A Seita é uma ficção científica que se passa no Recife em 2040, quando um jovem habitante de uma colônia espacial resolve voltar para a Terra. Aqui ele encontra uma cidade quase fantasma e passa a viver como um dândi, num palacete semi abandonado. Num cenário de cortinas vermelhas em que a estética kitsch e as alegorias camp andam abraçadinhas e trocando carícias, o recém-chegado passa a maior parte das horas do seu dia lendo desde livro de poesias a histórias em quadrinhos, bebendo chá em xícaras de porcelana finamente decoradas ou simplesmente contemplando o mundo pela janela. Quando sai para as ruas, fica vagando pelas ruínas da cidade onde flerta com outros rapazes que acabam indo para sua cama. E é nessas caminhadas que ele descobre a existência da seita.
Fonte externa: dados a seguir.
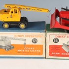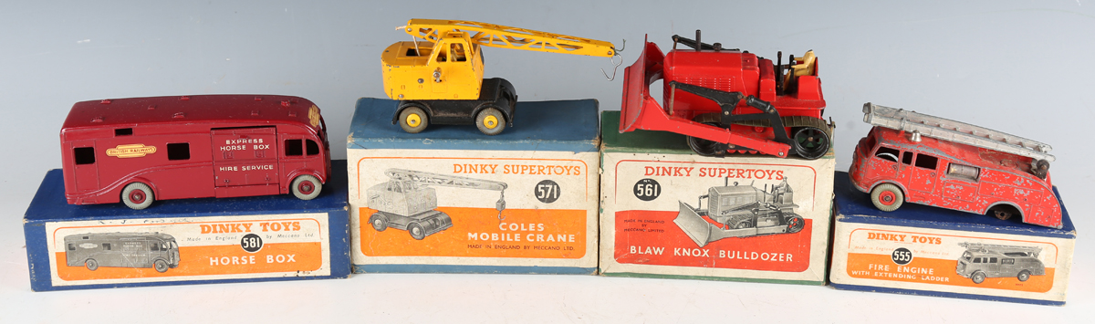 Nine Dinky Toys and Supertoys vehicles, comprising No. 514 Guy van 'Slumberland', No. 514 Guy van 'Lyons', No. 513 Guy flat truck with tailboard, No. 522 Big Bedford lorry, No. 581 Horse Box, No. 555 Fire Engine, No. 561 Blaw Knox bulldozer, No. 563 heavy tractor and No. 571 Coles mobile crane, all boxed (playwear and paint chips, boxes creased, scuffed, torn and stained).

Contudo, o filme de André Antônio está bem longe de ser uma ficção científica dentro do modelo estabelecido para o gênero. Ele, na verdade, brinca com essa expectativa e o futuro decadente representado no filme é composto por cenários reais do Recife contemporâneo. Uma paisagem que ganha outra dimensão quando o personagem do dândi com suas roupas excêntricas mergulha nelas. Em A Seita, André leva adiante algo que já esboçara no seu curta Canção de Outuno: a intenção de explorar a plasticidade da imagem em proveito de um refinamento estético de modo a sensibilizar o espectador mesmo que isto resulte em uma mise-en-scène anti-naturalista.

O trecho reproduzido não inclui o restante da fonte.